Tanzu Kubernetes Workload Cluster is a Kubernetes cluster that is deployed from the Tanzu Kubernetes management cluster. Tanzu Kubernetes clusters can run different versions of Kubernetes, depending on the CNF workload requirements. Tanzu Kubernetes clusters support multiple types of CNIs for Pod-to-Pod networking, with Antrea as the default CNI and the vSphere CSI provider for storage by default. When deployed through Telco Cloud Automation, VMware NodeConfig Operator is bundled into every workload cluster to handle the node Operating System (OS) configuration, performance tuning, and OS upgrades required for various types of Telco CNF workloads.

Tanzu Kubernetes Cluster Architecture

The following diagram shows different hosts and components of the Tanzu Standard for Telco cluster architecture.

Management and Workload Kubernetes Clusters

A Kubernetes cluster in the Telco Cloud Platform consists of etcd and the Kubernetes control and data planes.

Etcd: Etcd must run in the cluster with an odd number of cluster members to establish a quorum. A 3-node cluster tolerates the loss of a single member, while a 5-node cluster tolerates the loss of two members. Etcd availability requirements determine the number of Kubernetes Control Plane nodes.

Control Plane node: The Kubernetes control plane must run in redundant mode to avoid a single point of failure. To improve API availability, Kube-VIP is placed in front of the Control Plane nodes. The load balancer must perform health checks to ensure the API server availability. The following table lists the HA characteristics of the Control Plane node components.


Component	Availability
API Server	Active/Active
Kube-controller-manager	Active/Passive
Kube-scheduler	Active/Passive

Worker Node

NUMA Topology: When deploying Kubernetes worker nodes that host high bandwidth applications, ensure that the processor, memory, and vNIC are vertically aligned and remain within a single NUMA boundary.

The topology manager is a new component in the Kubelet and provides NUMA awareness to Kubernetes at the pod admission time. The topology manager figures out the best locality of resources by pulling topology hints from the Device Manager and the CPU manager. Pods are then placed based on the topology information to ensure optimal performance.

CPU Core Affinity: CPU pinning can be achieved in different ways. Kubernetes built-in CPU manager is the most common. The CPU manager implementation is based on cpuset. When a VM host initializes, host CPU resources are assigned to a shared CPU pool. All non-exclusive CPU containers run on the CPUs in the shared pool. When the Kubelet creates a container requesting a guaranteed CPU, CPUs for that container are removed from the shared pool and assigned exclusively for the life cycle of the container. When a container with exclusive CPUs is terminated, its CPUs are added back to the shared CPU pool.

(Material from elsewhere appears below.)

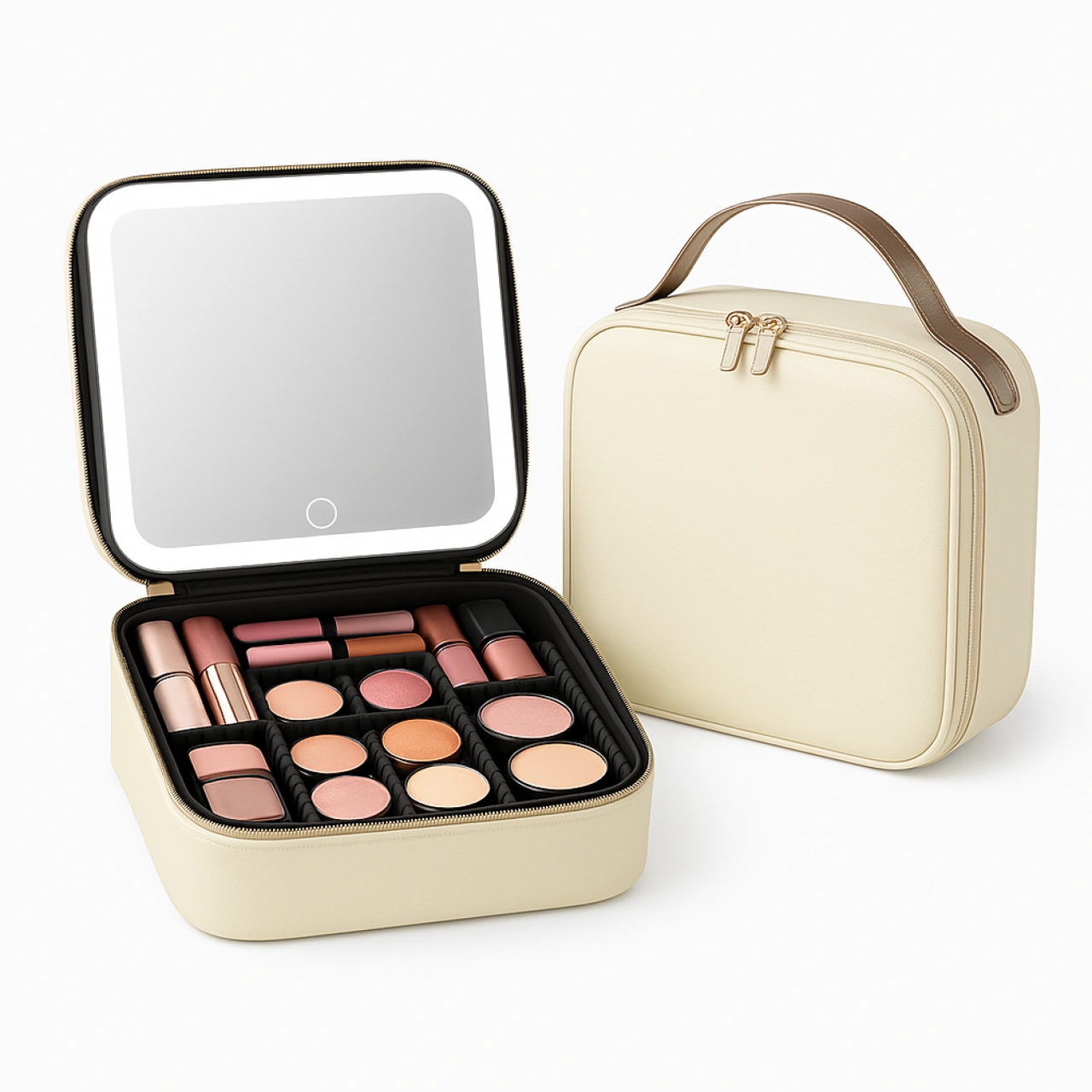 Елегантна та функціональна сумка-органайзер для косметики стане незамінним помічником вдома та у поїздках. Оснащена великим дзеркалом з LED-підсвічуванням, яке забезпечує ідеальне освітлення для макіяжу за будь-якого освітлення. Місткий внутрішній відсік дозволяє зручно розмістити декоративну косметику, пензлі та аксесуари. Жорсткий корпус з EVA надійно захищає вміст від пошкоджень, а зручна ручка робить перенесення легким та комфортним.
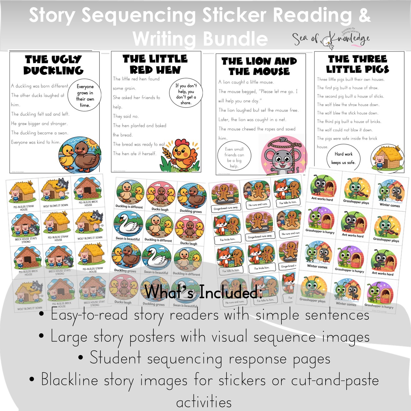 Make story sequencing, retelling, and early writing simple, visual, and hands-on with this Story Sequencing Sticker Writing Bundle featuring classic fairy tales and fables that students already know and love.

The CPU manager includes the following two policies:

None: Default policy. The kubelet uses the CFS quota to enforce pod CPU limits. The workload can move between different CPU cores depending on the load on the Pod and the available capacity on the worker node.

Static: With the static policy enabled, the CPU request results in the container getting allocated the whole CPU and no other container can schedule on that CPU.

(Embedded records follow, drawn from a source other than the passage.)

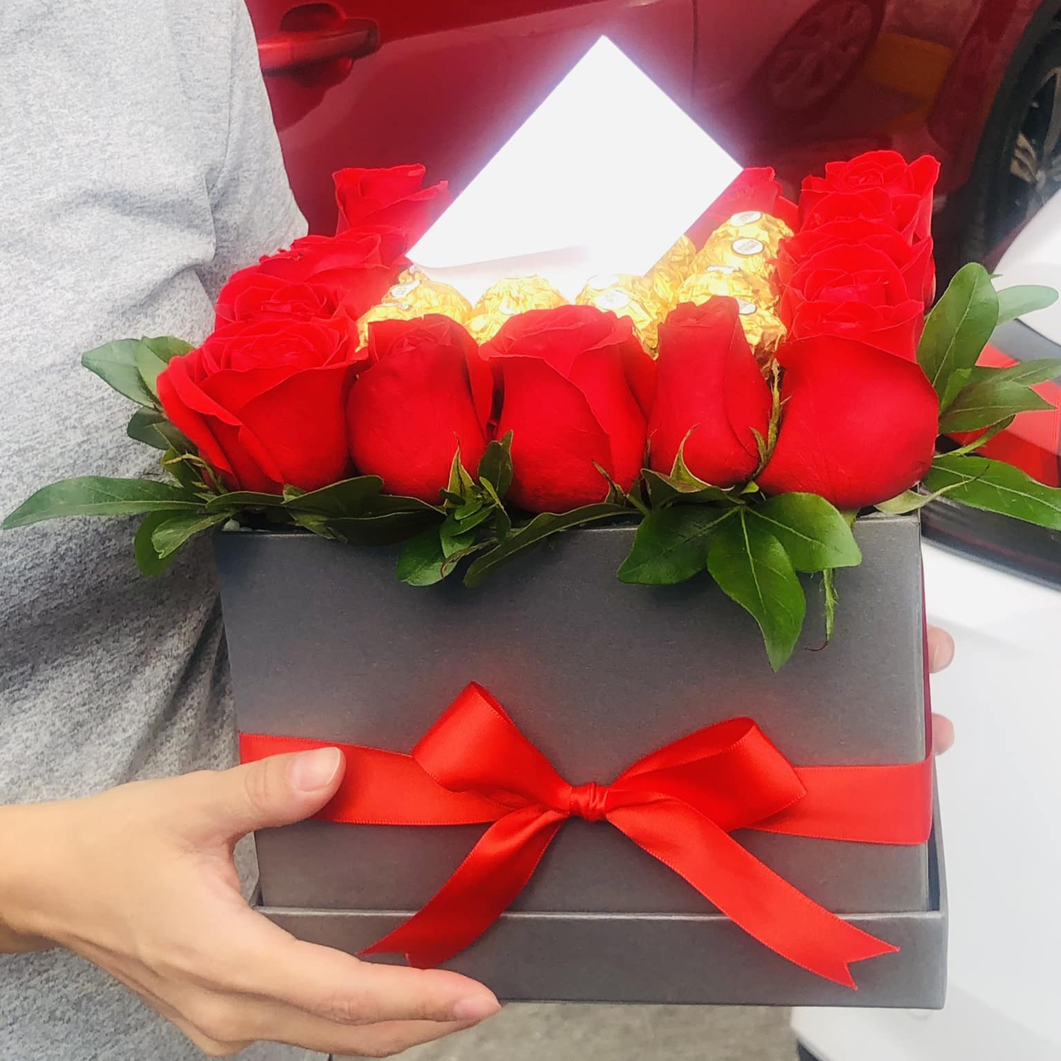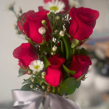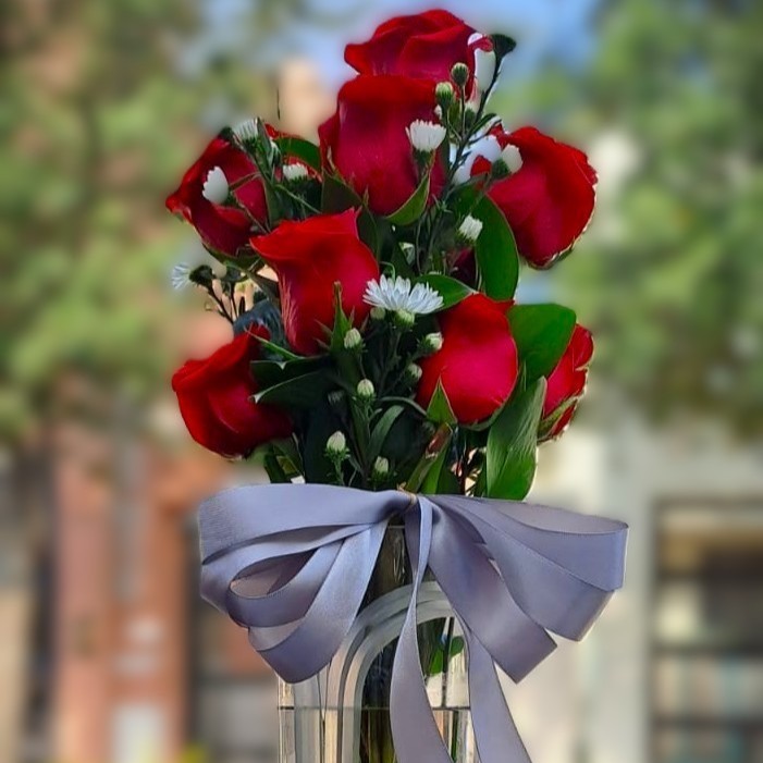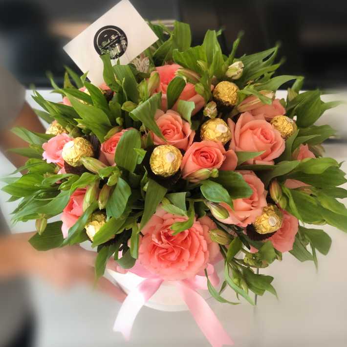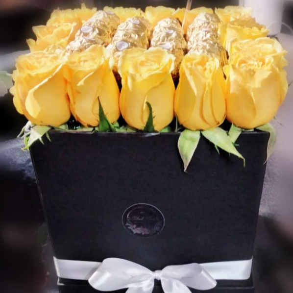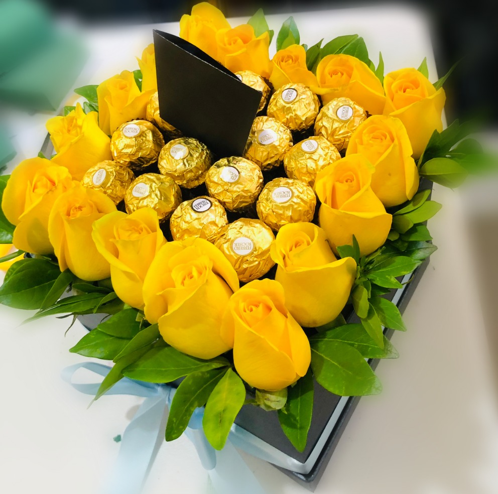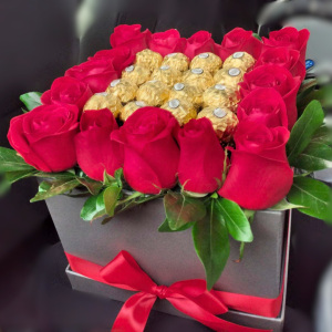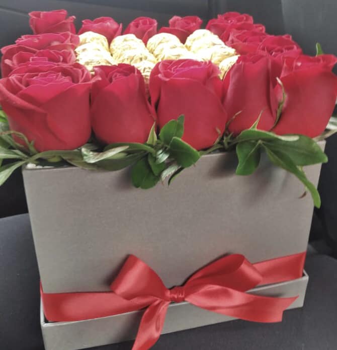 Base mediana con rosas y chocolates, o solo con flores.
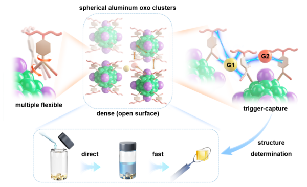 近日,中国科学院福建物质结构研究所在前期水滑石型铝氧簇、阿基米德笼状铝氧簇和环状铝氧簇等研究的基础上,借鉴胶束自组装原理,采用柔性位阻的丙磺舒配体和无机孤对电子“共封装”策略,实现了球形铝氧簇(SAlOC-1)的精准构筑。
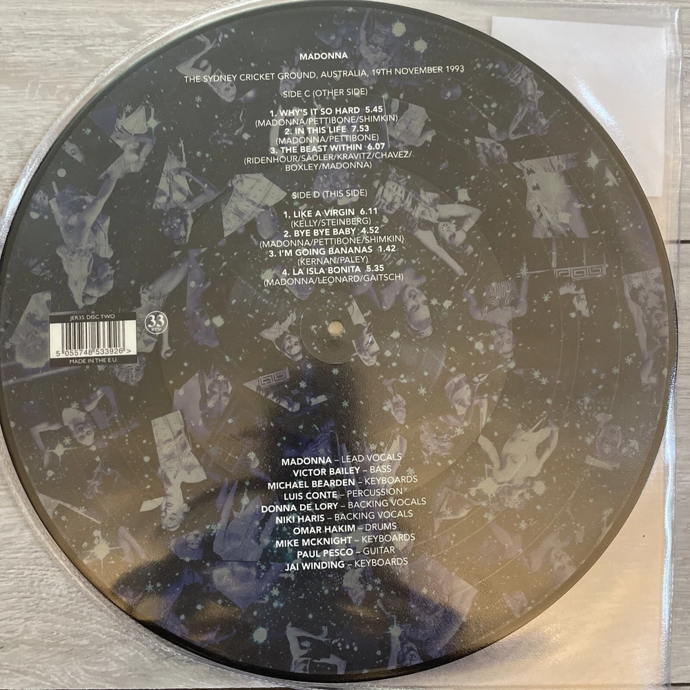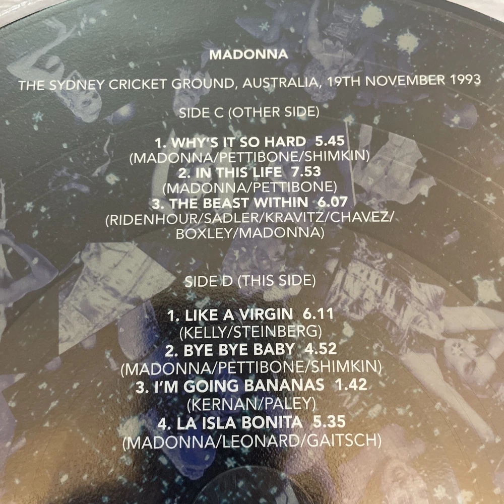 Madonna. The Girlie Show at The Sydney Cricket Ground. 2LP Picture Disc This is a limited edition 2LP vinyl picture disc of Madonna's "The Girlie Show" album. The record features hit singles like "Vogue" and "Venus", and is a must-have for fans of dance pop music from the 1980s and 1990s. The vinyl material is of high quality, with a record grading of Mint (M) and a sleeve grading of Mint (M). The album is a Reel To Reel record label release, with a release year of 2023. The record size is 12 inches, and it comes with a picture disc and coloured vinyl features. This item is perfect for collectors and fans of Madonna's music, and is a great addition to any vinyl record collection. Madonna. The Girlie Show Live in Australia 2 LP Vinyl Picture Disc. Limited Edition. RECORD ONE SIDE A 1. THE GIRLIE SHOW THEME 1.05 2. EROTICA 5.59 3. FEVER 4.54 4. VOGUE 5.31 SIDE B 1. RAIN 9.57 2. EXPRESS YOURSELF 5.15 3. DEEPER AND DEEPER 7.25 RECORD TWO SIDE C 1. WHY’S IT SO HARD 5.45 2. IN THIS LIFE 7.53 3. THE BEAST WITHIN 6.07 SIDE D 1. LIKE A VIRGIN 6.11 2. BYE BYE BABY 4.52 3. I’M GOING BANANAS 1.42 4. LA ISLA BONITA 5.35

CPU Manager for Kubernetes (CMK) is another tool used by selective CNF vendors to assign the core and NUMA affinity for data plane workloads. Unlike the built-in CPU manager, CMK is not bundled with Kubernetes and requires separate download and installation. CMK must be used over the built-in CPU manager if required by the CNF vendor.

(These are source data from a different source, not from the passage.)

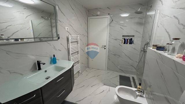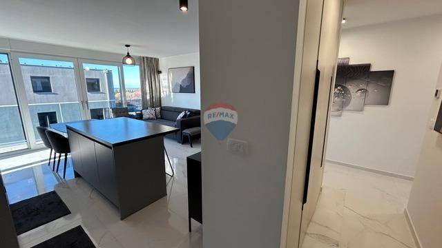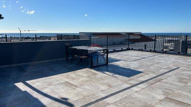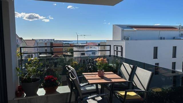 RE/MAX Centar nekretnina presents an exceptional opportunity to purchase an apartment in a high-quality new building with an elevator in Novigrad. What makes this property stand out is that the entire building is constructed of concrete and equipped with aluminum joinery and triple-glazed windows, ensuring a high level of quality, durability, and energy efficiency. The apartment is located on the second floor of the building and has a total living area of 78 m², along with an additional rooftop terrace of 60 m². It consists of an entrance hallway, a bathroom, two bedrooms, and a spacious open-plan area comprising a kitchen with dining area and a living room, with access to a covered terrace offering a beautiful sea view. Each room in the apartment is equipped with air conditioning and underfloor heating. Additional value is provided by a chimney, allowing for the installation of a fireplace or pellet stove. The apartment also includes a large rooftop terrace with a panoramic sea view, featuring a summer kitchen and prepared connections for a shower and jacuzzi, making this property ideal for relaxation and enjoyment throughout the year. The apartment comes with one covered parking space and a shared bicycle storage area located in front of the building. It is furnished with high-quality furniture and is sold partially furnished.
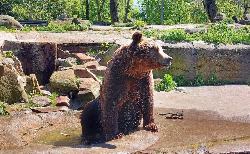 Имеющийся медвежатник был также построен давно, ещё в 1936 году. Он обветшал и находится в аварийном состоянии. Сейчас хотят построить большой современный комплекс для медведей в том месте, где находится вольер для оленей. А в старый медвежатник переселят некоторых хищных птиц.
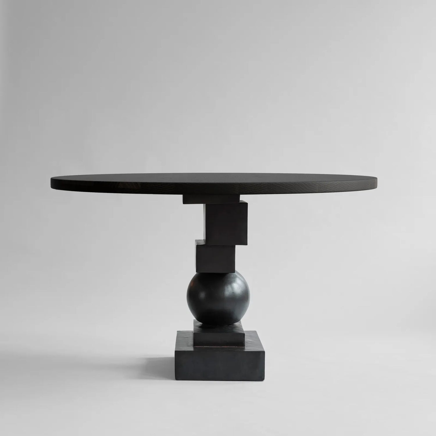 Table de salle à manger d'artiste en chêne, finition noir café, Ø120 cm

Huge Pages: For Telco workloads, the default huge page size can be 2 MB or 1 GB. To report its huge page capacity, the worker node determines the supported huge page sizes by parsing the /sys/kernel/mm/hugepages/hugepages-{size} directory on the host. Huge pages must be set to pre-allocated for maximum performance. Pre-allocated huge pages reduce the amount of available memory on a worker node. A node can only pre-allocate huge pages for the default size. The Transport Huge Pages must be disabled.

Container workloads requiring huge pages use hugepages-<hugepagesize> in the Pod specification. As of Kubernetes 1.18, multiple huge page sizes are supported per Pod. Huge Pages allocation occurs at the pod level.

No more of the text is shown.